Motorcycle taxi drivers are predominantly young men who were child soldiers and conflict-affected youth during the Liberian civil wars. As part of his multi-year project, ‘Motorcycling as Peacebuilding in Liberia’, Dr McMullin has previously worked to introduce cyclist-designed, participatory activities to reduce social inequality and support the economic livelihoods of young people, including through community and police dialogue and conflict resolution aimed at targeted violence reduction in urban and semi-urban areas.
Following continued unsolved murders of cyclists and recent mob violence in eastern Liberia blamed on motorcyclists, cyclist and police groups approached Dr McMullin and P4DP with an urgent request to convene additional police-cyclist dialogue groups to reduce violent tensions.
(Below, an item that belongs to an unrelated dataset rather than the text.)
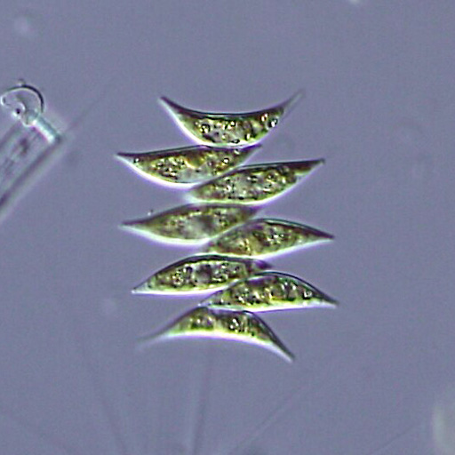 Scenedesmus dimorphus (Turpin) Kützing, 1833 / from Shishitsuka-Pond, Tsuchiura, Ibaraki Pref., Japan / Microscope:Leica DMRD (DIC)
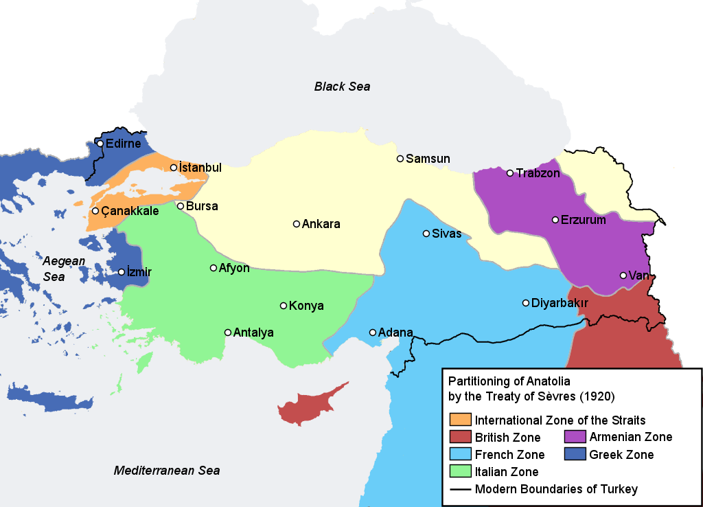 Map illustrating the partitioning of Anatolia according to the Treaty of Sèvres (1920) after World War I.

The dialogue groups bring youth and the police together to settle grievances peacefully, reduce social stigma of marginalised youth, and support their livelihood activities.
Building on previous successful efforts to reduce stigma of conflict-affected youth in Liberia, the project aimed to combat police brutality and reduce violence between police and young Liberians engaged in the motorcycle taxi sector, which is the largest employer of young people in Liberia. Successful dialogue groups also convened in areas around the capital city of Monrovia that had also experienced recent police-cyclist violence. In total, the project convened five dialogue groups in Montserrado and Margibi counties, and a further seven in eastern Liberia.
While they continue to earn their living through bike riding, violent street confrontations between cyclists and police have continually recurred since the war. This violence has followed increased armed police presence in communities to enforce new road restrictions that cyclists perceive as unfair and politically motivated. In addition, cyclists are often themselves the target of violence because of their perceived low social status, and this often goes unsolved. Initially peaceful protests objecting to police inaction then escalate to more violent action. A very similar pattern has occurred across most of the areas where the project decided to innovate this dialogue-based method.
Dr McMullin and P4DP partners, led by Executive Director Jams Suah Shilue, have structured the groups around conflict resolution training and guided dialogue, using expert facilitators from P4DP and other community partners to convene cyclist youth, police, and other community members in at-risk communities. The project has built community and institutional capacity through these dialogue groups, which has resolved ongoing disputes successfully and peacefully in target areas. The groups also build sustainable and supportive relationships between cyclists and police that help to peacefully manage new problems when they emerge.